You have a point Skipper, but, after all, the New Testament Jesus is not a kind of peripatetic social worker; he is precisely a religious "prophet". And, further, the doctrines I refer to had - for centuries - secular consequences of an adverse kind. On a separate point I am not convinced by TGA's argument either. He says, as an historian: "It seems to me self-evident that we would not have the European civilisation we have today without the heritage of Christianity, Judaism and (in a smaller measure, mainly in the middle ages) Islam, which legacy also paved the way, albeit unwittingly and unwillingly, for the Enlightenment". It is always a bit worrying when historians find things "self-evident". That we wouldn't have the civilisation we have today without (an "unwitting and unwilling") Christianity, given our Christian heritage, is simply tautological. But we would perhaps have had another civilisation; maybe a better one. How do we know that without Christianity (and the other things he mentions) there would have been no Enlightenment?

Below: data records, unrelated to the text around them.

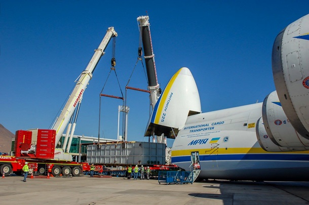 ![]() facebook.com/antonov.company Украинская Мрия совершила 12 рейсов из Чили в Боливию, перевозя двенадцать тепловых парогенераторов (HRSG) весом 160 тонн каждый.
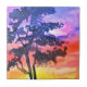 Beautiful colourful landscape sunset dreaming painting by artist Sacha Grossel of a red yellow and purple sunset landscape in the outback with a tree shadow in the foreground. Colourful original art in watercolor style.
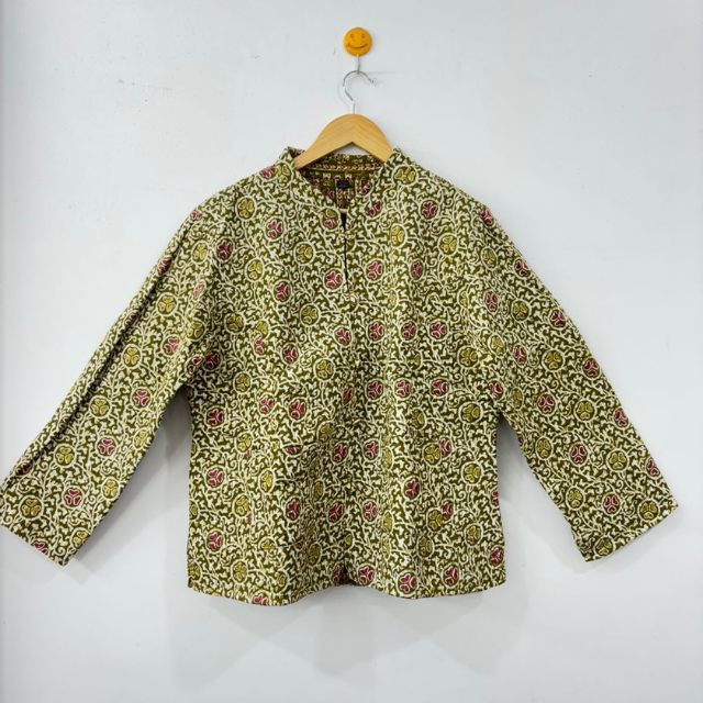 La chaqueta estampada Handblock más vendida Chaqueta floral de algodón hecha a mano acolchada de algodón disponible para suministro mundial
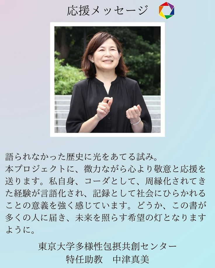 東京大学 多様性包摂共創センター 特任助教、中津真美さんより、心強い応援メッセージをいただきました。どうか最後まで見守り、そして広めてください。
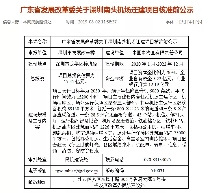 《關(guān)于深圳南頭機(jī)場(chǎng)遷建項(xiàng)目核準(zhǔn)前公示》。

How can even a hugely clever chap like TGA actually know what an alternative history would have looked like without Christianity? Maybe Enlightenment would have come sooner? Or later? Or not at all? Who can say? Christianity "influenced" the Enlightenment (but might it also have delayed it? how do we know Paganism would not have produced an earlier, better, Enlightenment? It isn't as if the ancient Greeks had no interest in science). None of us really know the answers to these questions. TGA's argument is smug, complacent, conventional, and thoughtless.

By the way, do either of us have nothing better to do on XMas day? I'm off to the pub.
Don't agree re TGA. I think the world before the birth of Christianity was not exactly a socialist paradise and there was a degree of civilizing achieved thanks to Christ's teachings as well as more than a little bloodshed in consequence of the wars caused. I'm off to have my dinner now! Happy Whatsits...
Come on Skipper, play fair: no one is saying the world was a socialist paradise before the birth of Christianity (although, following Gibbon, I think that there was probably more religious tolerance). The question is whether absent of Christianity, at least an equivilant "degree of civilising" could have been achieved over a similar period (of many centuries). TGA - and it seems, yourself - are saying "No"; and I am arguing that none of us really knows. It's intriguing that TGA refers to the role of Islam in preparing the way for the Enlightenment. I'm no expert on this but wasn't one of the great contributions of Islamic scholars the rediscovery of the, ahem, Pagan authors of antiquity?
I thought you were in the pub! I've just come back from A and E after a scary allergic reaction so will reply tomorrow.
Excellent points Politaholic; I agree wholeheartedly.